Research on semantic change (i.e., the way the meanings of words evolve) has shown that in all languages in the world, words frequently change meaning. It is also established that they do so following relatively regular “semantic paths” (Vanhove, 2008; Juvonen and Koptjevskaja-Tamm, 2016). For instance, we know that across the world's languages, the meaning “(piece of) rock” often gives rise to the meaning “seed,” so that words that mean “rock” can often gain the meaning “seed.” That is, “rock-to-seed” is a well-traveled “semantic path” (see the Catalogue of Semantic Shifts, Zalizniak, 2020). In addition, we know that before a word can shift from sense a to sense b, the word often goes through a phase where it means both a and b simultaneously for some time (Evans and Wilkins 2000). That is, a word meaning “rock” might gain the meaning “seed” and mean both “rock” and “seed” for a while; later it might lose the meaning “rock,” so that it will simply mean “seed.” In other words, when a word colexifies two meanings a and b, often it will end up traveling the whole semantic path from a to b. Therefore, if a number of words in a dataset colexify a and b, this suggests “a-to-b” may be a well-traveled semantic path. This implies that many other words currently meaning b probably used to mean a at some point in the past, but have been traveling the said semantic path, and have arrived. On the contrary, if a and b are not found to be colexified, this suggests that words with the meaning a do not regularly change their meaning to b.9 Overall, statistically, the more frequent a colexification between a and b, the more likely it is that words meaning b used to mean a.10

We can now apply this scenario to our interjection dataset. As mentioned previously, in our data, 17 interjections colexify pain and joy (7% of joy interjections). It is therefore plausible that a larger proportion of the joy and pain interjections in our data set used to express pain in the past, and have now traveled the whole way from expressing pain to expressing joy. Such a path offers a hypothetical scenario to explain the resemblances in vowel signatures between pain and joy interjections in our data.

With this scenario in mind, as the proportions of pain-disgust and pain-joy colexifications are equivalent in our dataset (also 7% of all disgust interjections), we may wonder why we observe resemblances between joy and pain interjections, and not so much between joy and disgust interjections. Looking at the other senses colexified by these interjections helps answer this question. The most frequent colexification of pain interjections is surprise (e.g., yekaye in Katetye, Australia). This is also the most frequent colexification of joy interjections (e.g., ina in Guahibo, Columbia, and Venezuela), and threefold colexifications between pain, surprise and joy are attested (e.g., aragóy in Hiligaynon, Philippines). This points to “pain-surprise-joy” as another possible semantic path linking pain and joy, and the availability of this second semantic path suggests that an even greater proportion of joy interjections may have expressed pain at some point in time. Colexifications of disgust with surprise are rarer, and no such clear alternative semantic path is available between pain and disgust. These hypotheses offer testable predictions for future studies investigating the origins of emotive interjections.

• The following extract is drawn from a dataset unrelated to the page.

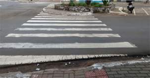 Av. Capitão Índio Bandeira, esquina com a rua São Paulo. Responda rápido: como um cadeirante ou um deficiente visual atravessaria essa faixa de segurança com um canteiro central atravessado no meio do caminho?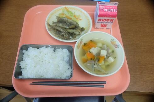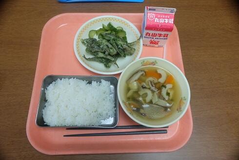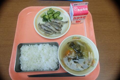 今日の献立は、ご飯、牛乳、めひかりの唐揚げ、キュウリの塩もみ、

This study was conceived of and designed as an exploratory investigation of an intuitive yet complex question that had not yet been thoroughly empirically tackled. It is therefore important to outline the limitations of the present work alongside promising directions for future research.

First and foremost, in this study, we only examined three emotion categories. In future work, researchers will need to consider a broader variety of affective states to get a fuller picture of universal vowel patterns in interjections and their potential links to nonlinguistic counterparts, and to one another. In addition, our volitional nonlinguistic vocalizations were produced in response to specific contexts (e.g., burning for pain, achievement for joy). Using specific contexts has its benefits, allowing us to standardize the affective experience (emotional intensity, valence, etc.) much more than if we were simply to ask participants to produce a general “pain” or “joy” vocalization, which could be interpreted in myriad ways. However, these contexts can give rise to specific acoustic forms that may differ from those in vocalizations expressing the same emotion, but in another context or of another intensity (e.g., giving birth for pain). Indeed, pain vocalizations in humans representing mild, moderate, or severe pain differ in their spectrotemporal structures with more intense pain linked to a higher proportion of nonlinear acoustic phenomena and thus more vocal harshness in both volitional and reflexive pain vocalizations (Koutseff , 2018; Raine , 2019; Valente , 2025). It is possible that pain vocalizations of variable arousal also show variable vowel patterns, such as a relatively higher proportion of “a” vowels in extreme versus mild pain (potentially linked to the degree of mouth opening, see, e.g., Anikin , 2024), though this has yet to be tested. Thus, we propose that not only should future studies include a broader range of emotions, but also a broader range of contexts and arousal levels within each emotion category. We also encourage replication studies to include a broader range of cultures including vocalizations from non-WEIRD (not Western, Industrialized, Educated, Rich, and Democratic) populations (Henrich , 2010), particularly those without access to the Internet and popular media portrayals of emotional expressions.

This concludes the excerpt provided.